* _Assignment_
Transcribe nothing except the lines below that run from the one with "Felicidades a Omar" to the one with "Элегантная фруктовница на", ends included, and do not copy any picture.

.....

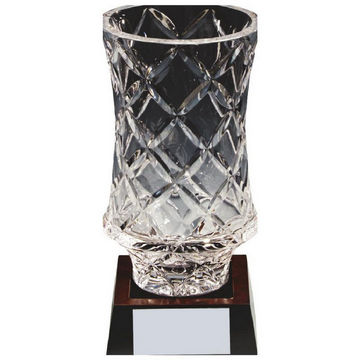 Pair of Cut Crystal Brandy Glasses on Burle Wood Stand
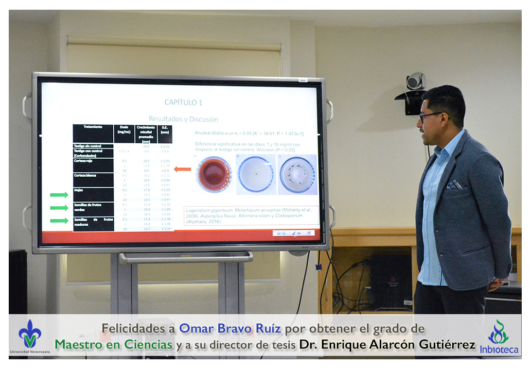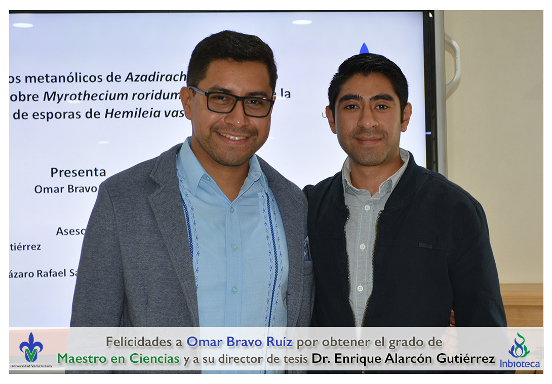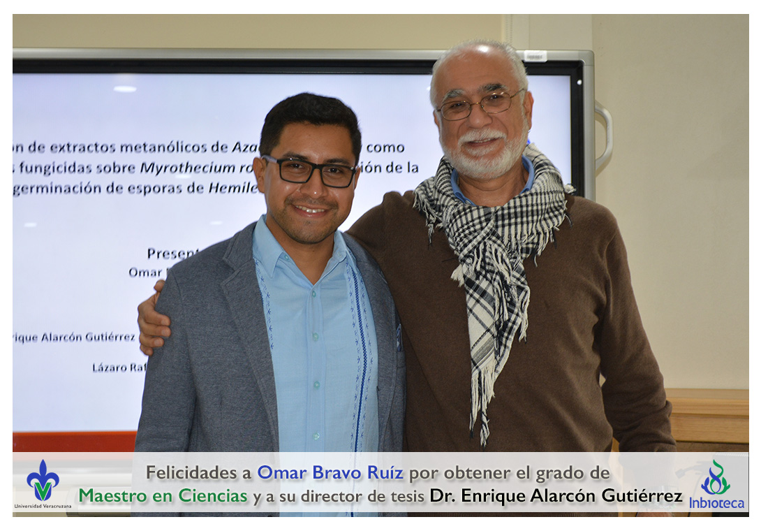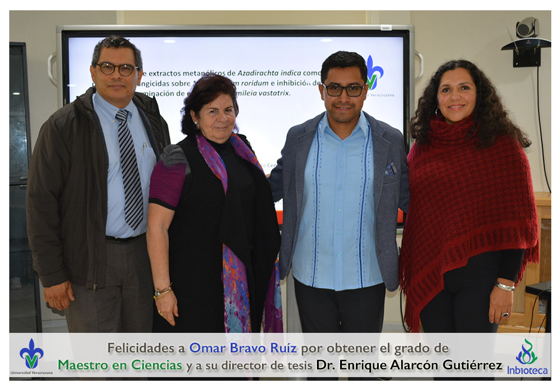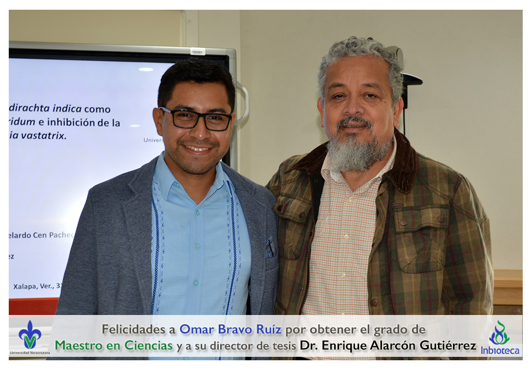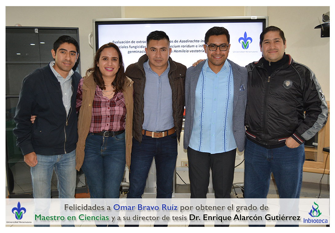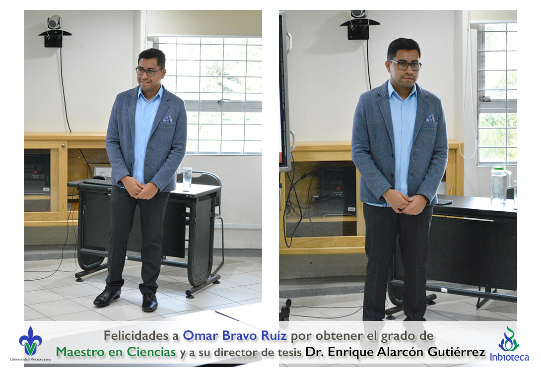 Felicidades a Omar Bravo Ruíz por obtener el grado de Maestro en Ciencias en Ecología y Biotecnología, a su director de tesis Dr. Enrique Alarcón Gutiérrez, a su comité y a todos los que contribuyeron en el trabajo realizado. ¡Enhorabuena!
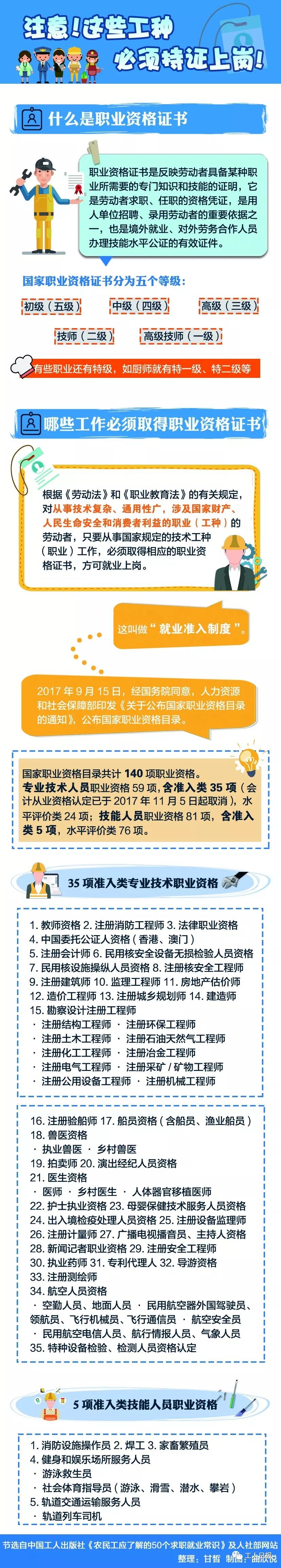 毕业生们注意了!根据国家职业资格目录,准入类专业技术人员职业资格仍有35项,准入类技能人员职业资格仍有5项。这也意味着,仍有40项职业需要“先考证,再上岗”。
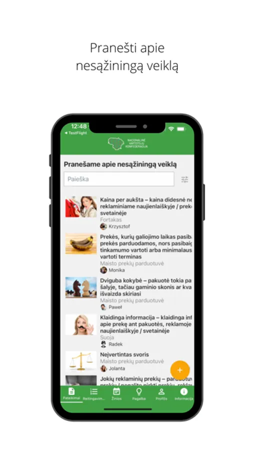 Mes nenorime, kad pardavėjai mus apgaudinėtų. Nesąžininga komercinė veikla – nepaisant draudimo ją vykdyti – mūsų rinkoje nuolat pasitaiko. Programa VARTOTOJAI TIKRINA padės mums patiems apsisaugoti nuo suklaidinimo ir tuo pačiu perspėti kitus vartotojus apie nesąžiningą komercinę veiklą. Skelbime ar ant gaminio pakuotės matote ką nors įtartino – praneškite mums ir kitiems vartotojams.
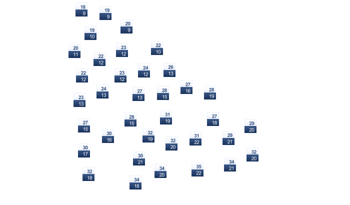 | 33 | 36 | 38 | 39 | 38 | 35 | 32 | 31 | 32 | 34 | 35 | 33 |
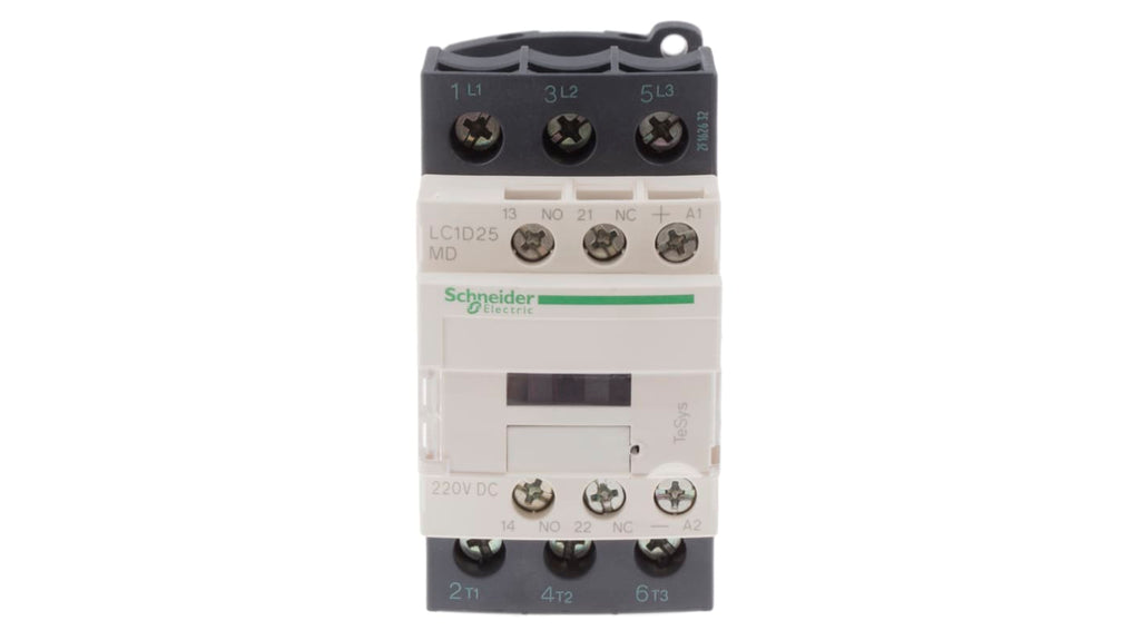 Contattore Schneider Electric, serie LC1D, 3 poli, 3 NA, 25 A, bobina 230 V cc. Tensione nominale contatto 690 V c.a./c.c., corrente nominale 25 A, configurazione contatti ausiliari 1 NO + 1 NC, numero di contatti ausiliari 2, tipo terminale vite, dimensioni 45 mm x 85 mm x 101 mm. Categoria di utilizzo AC-1, AC-3, AC-4. Accessori disponibili per montaggio frontale.
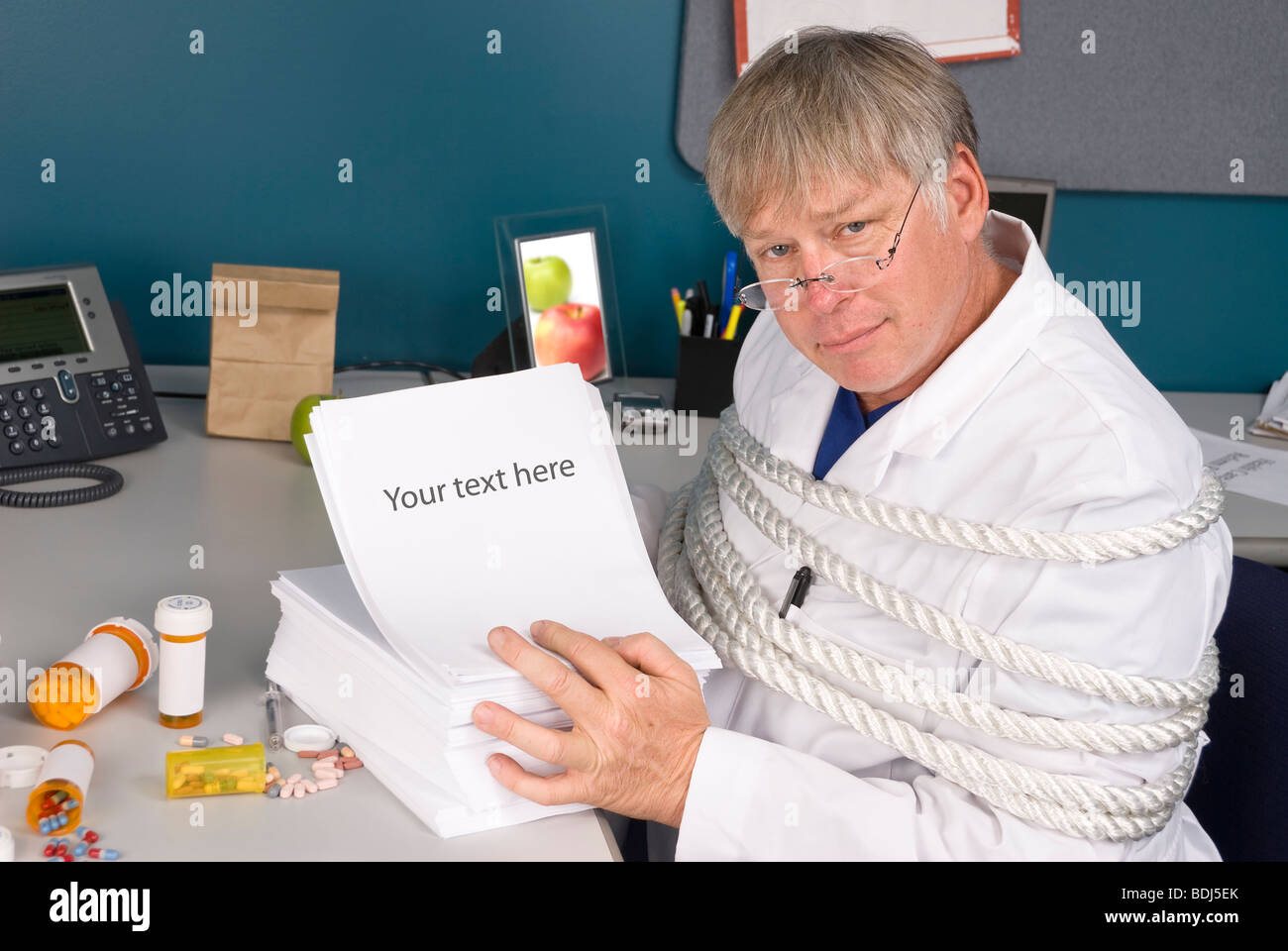 Un Medico E Legato Con Un Carico Di Pratiche Burocratiche Gli Impedisce Di Fare Il Suo Lavoro Foto Stock Alamy
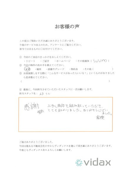 おふたりのご条件に合ったお部屋をご紹介できとても良かったです。
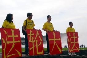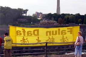 ![]() 学员们在山羊岛的草地上打出的标语 | ![]() 瀑布旁的法轮大法横幅 |
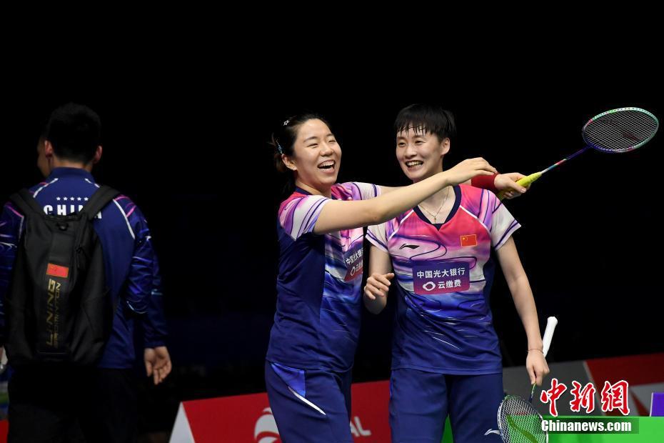 中国队选手陈雨菲在女子单打比赛中,以2比0战胜丹麦队选手米娅。当日,在广西南宁举行的2019年苏迪曼杯世界羽毛球混合团体锦标赛四分之一决赛中,中国队以3比1战胜丹麦队,晋级半决赛。图为陈雨菲(右)等庆祝获胜。
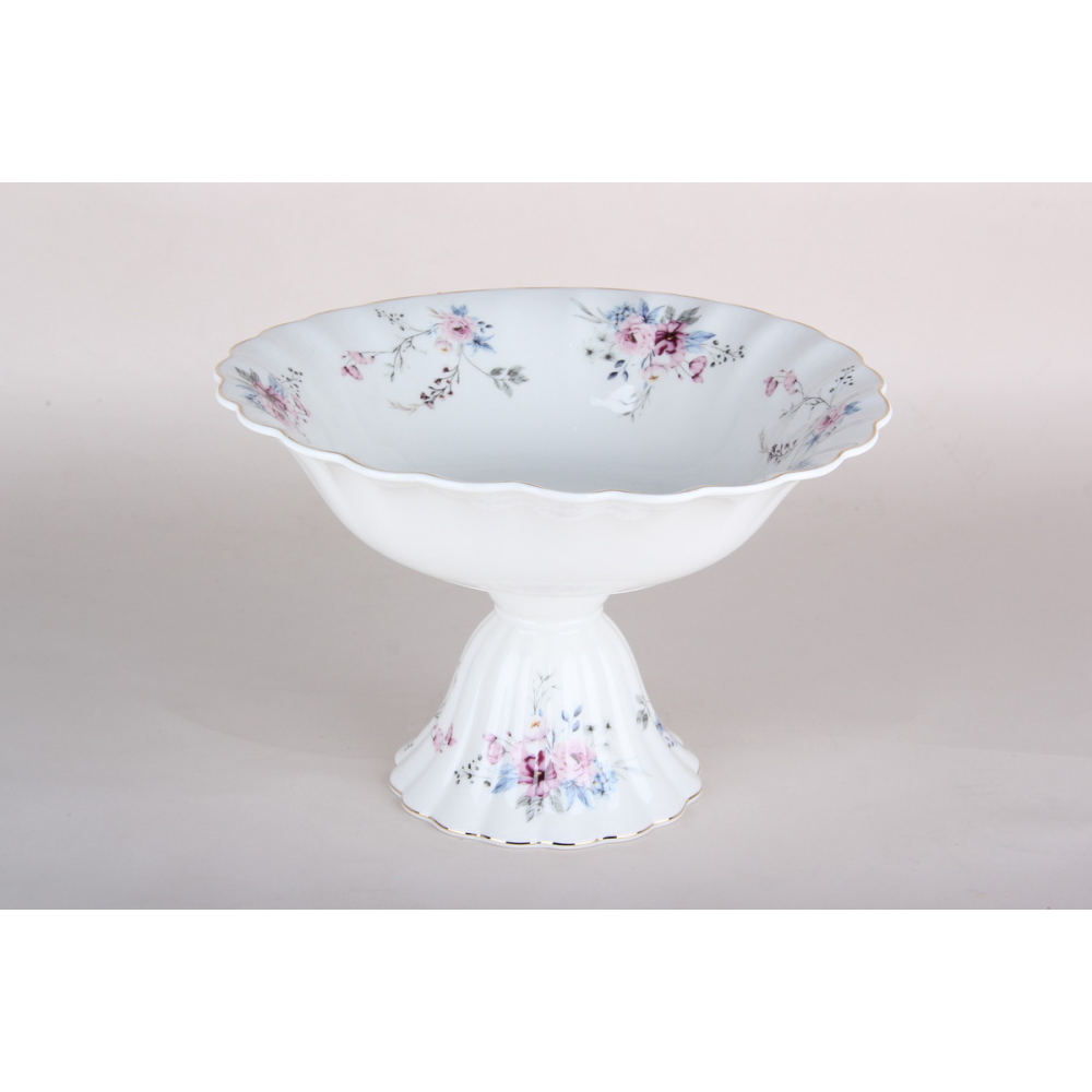 Элегантная фруктовница на ножке изготовлена из белоснежного фарфора. Посуда украшена нежным цветочным рисунком и дополнена изысканной золотой отделкой.
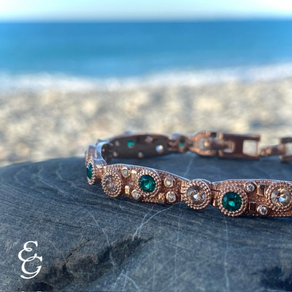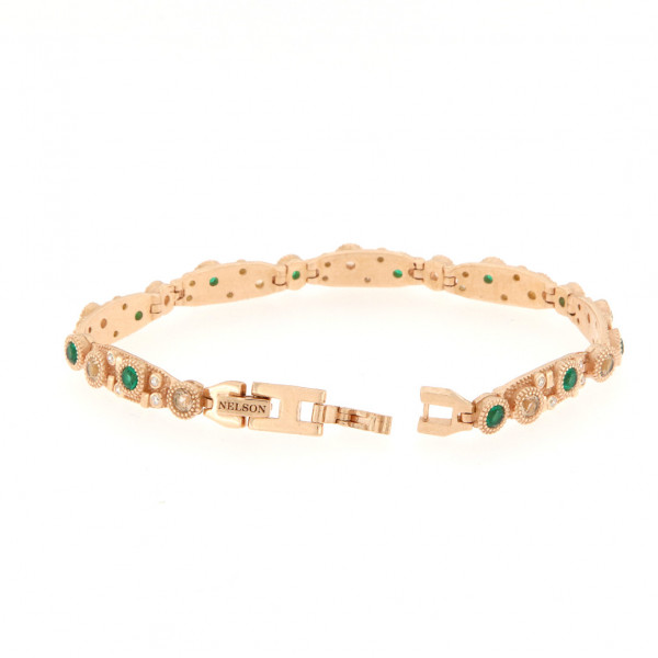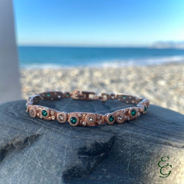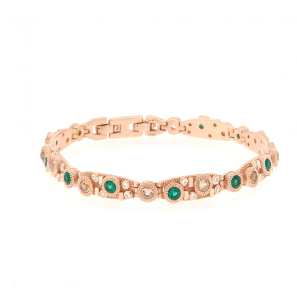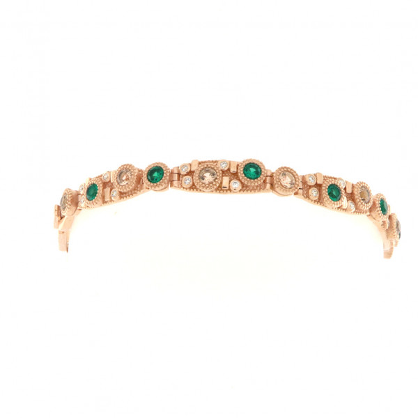 Splendido bracciale semirigido della collezione Pietrasanta in argento rosato con finitura anticata con quarzi verdi e champagne e zirconi bianchi. Chiusura a scatto, misura regolabile grazie alla prolunga. Prodotto artigianale made in Italy.

.....

* _Answer for this exercise_
 Felicidades a Omar Bravo Ruíz por obtener el grado de Maestro en Ciencias en Ecología y Biotecnología, a su director de tesis Dr. Enrique Alarcón Gutiérrez, a su comité y a todos los que contribuyeron en el trabajo realizado. ¡Enhorabuena!
 毕业生们注意了!根据国家职业资格目录,准入类专业技术人员职业资格仍有35项,准入类技能人员职业资格仍有5项。这也意味着,仍有40项职业需要“先考证,再上岗”。
 Mes nenorime, kad pardavėjai mus apgaudinėtų. Nesąžininga komercinė veikla – nepaisant draudimo ją vykdyti – mūsų rinkoje nuolat pasitaiko. Programa VARTOTOJAI TIKRINA padės mums patiems apsisaugoti nuo suklaidinimo ir tuo pačiu perspėti kitus vartotojus apie nesąžiningą komercinę veiklą. Skelbime ar ant gaminio pakuotės matote ką nors įtartino – praneškite mums ir kitiems vartotojams.
 | 33 | 36 | 38 | 39 | 38 | 35 | 32 | 31 | 32 | 34 | 35 | 33 |
 Contattore Schneider Electric, serie LC1D, 3 poli, 3 NA, 25 A, bobina 230 V cc. Tensione nominale contatto 690 V c.a./c.c., corrente nominale 25 A, configurazione contatti ausiliari 1 NO + 1 NC, numero di contatti ausiliari 2, tipo terminale vite, dimensioni 45 mm x 85 mm x 101 mm. Categoria di utilizzo AC-1, AC-3, AC-4. Accessori disponibili per montaggio frontale.
 Un Medico E Legato Con Un Carico Di Pratiche Burocratiche Gli Impedisce Di Fare Il Suo Lavoro Foto Stock Alamy
 おふたりのご条件に合ったお部屋をご紹介できとても良かったです。
 ![]() 学员们在山羊岛的草地上打出的标语 | ![]() 瀑布旁的法轮大法横幅 |
 中国队选手陈雨菲在女子单打比赛中,以2比0战胜丹麦队选手米娅。当日,在广西南宁举行的2019年苏迪曼杯世界羽毛球混合团体锦标赛四分之一决赛中,中国队以3比1战胜丹麦队,晋级半决赛。图为陈雨菲(右)等庆祝获胜。
 Элегантная фруктовница на ножке изготовлена из белоснежного фарфора. Посуда украшена нежным цветочным рисунком и дополнена изысканной золотой отделкой.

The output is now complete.